ブランディング 真っ白の よりそい
目先の利益とブランドの共感を両立させるブランディング

売上か、共感か。
事業をやっていると、つい二択で考えたくなる瞬間があります。
でも、どちらかに振り切った瞬間に、事業はぐらつきます。目先の数字だけを追えば足元がやせ、共感ばかりを追えば足元が立ち行かなくなる。本当に必要なのは、どちらかを選ぶことではなく、両方をちゃんと持つことだと、真っ白は考えています。
目先の利益は、けっして悪者ではない
「共感が大事」という話をすると、利益を後回しにしろと言われているように聞こえるかもしれません。でも、それは違います。
利益は、今日を生きるための体力です。お金が回らなければ、こだわりも、理念も、続けることそのものができなくなる。広告やキャンペーンで売上をつくることは、まったく正しい仕事です。まず食べていける状態をつくる。それは、すべての土台になります。
でも、利益「だけ」では続かない
いまは、たいていのものがネットで手に入ります。安くて質のいいものも多く、スペックの似た商品はいくらでもある。そんな中で価格でしか選ばれないと、小さな会社ほど体力が削られていきます。
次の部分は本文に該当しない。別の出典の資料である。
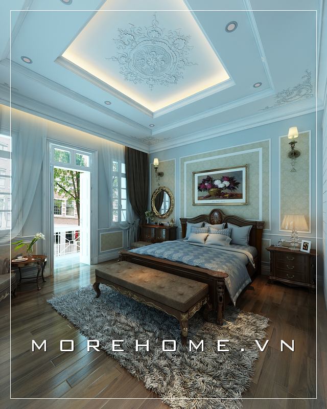 Mẫu thiết kế giường ngủ biệt thự đẹp phong cách tân cổ điển
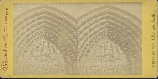 Editor: Here we have a photographic print titled "Throne," dating from between 1875 and 1899, housed at The Art Institute of Chicago and attributed to Deposé. It features a classical looking throne or canopy, surrounded by what looks like Greek statues. I'm really struck by how it positions power through these clear historical references, making it appear like the ultimate authority! How would you interpret this work in its historical context? Curator: That's a keen observation! We must consider the late 19th century’s fascination with historical reenactment and its social functions. Photography like this circulated widely; stereoscopic cards were a common form of home entertainment. Think about what's being represented: a throne. It signifies power and authority. The composition with the Greek statues flanking it intentionally evokes classical ideals, linking contemporary aspirations of power back to what was considered a golden age. Who was this "throne" for, what statement does this space and set design make? Editor: It's interesting to consider this not just as a picture but also as a widely circulated commodity for home viewing. Could this image be shaping how people understood or even aspired to certain forms of social power and taste through the rise of photography and mass media? Curator: Precisely. The photographic reproduction democratizes access to symbols of power, albeit in a mediated form. It inserts this kind of imagery into domestic spaces. Consider the role museums played then in shaping public taste and national identity, often presenting grand narratives of history. Perhaps this stereograph is connected to a display inside a museum at the time. Think about the act of looking and the viewer's own place within that imagined history of power, even as it might have excluded them! Editor: So it is possible it functioned not just to display a historic object but also to communicate values or social hierarchy? This makes me see this object so differently than if it was merely art for art's sake! Curator: Indeed! The circulation of these images served a performative function in reaffirming social structures and making history more palatable and available to the masses. The visual language matters. Reflect on the public role of this image and photography. Editor: I will. It really puts this photograph into a wider, meaningful context of history and social influence. Thanks so much!

お客さんが見ているのは、商品そのものより「その向こうにいる人」になってきました。同じような商品なら、共感できる人から買いたい。そう考える人が、確実に増えています。共感という理由がないと、お客さんは少し安いほうへ、すっと流れていってしまう。短期の数字は出ても、「また来たい」「応援したい」は生まれにくいのです。
利益と共感は、対立しない
ここが、いちばん伝えたいところです。
目先の利益と共感は、どちらかを取ればどちらかを失う、というものではありません。ただ、効いてくる時間軸が違うだけです。利益は「今日」を支え、共感は「明日も選ばれること」を支える。役割が違うだけで、どちらも欠かせません。
しかもこの二つは、互いを支え合います。利益に少し余裕があるから、すぐには数字にならない発信を続けられる。その発信が共感として根づくから、売上が安定して読めるようになる。利益が共感を育てる時間をつくり、共感が利益を支える地面になる。うまく回りはじめると、二つは敵ではなく、両輪になります。
では、どうバランスを取るか
大切なのは、どちらかをゼロにしないことです。短期と長期、両方に手を置いておく。たとえば、こんな配分が考えられます。
- 広告やキャンペーンで「知ってもらう」足場をつくる(利益側)
- 日々の発信や丁寧な接客で「好きになってもらう」を育てる(共感側)
- 売上をぜんぶ刈り取らず、一部は次の種まきに回す
- 短期の施策でも、安売りより「らしさ」が伝わる見せ方を選ぶ
今月の数字を追う日があっていい。発信が地味で、すぐ報われない日があってもいい。どちらかをやめてしまわないかぎり、二つは少しずつ噛み合っていきます。
まとめ:天秤ではなく、両輪で
売上か共感か、と天秤にかけているうちは、どちらも中途半端になりがちです。片方に乗せれば、もう片方が浮いてしまうからです。
利益で今日の足場を固め、共感で明日の理由を育てる。この二つを、止めずに回し続ける。その先に生まれる関係は、数字では測れない、でも、めぐりめぐってちゃんと数字にも返ってくるようになります。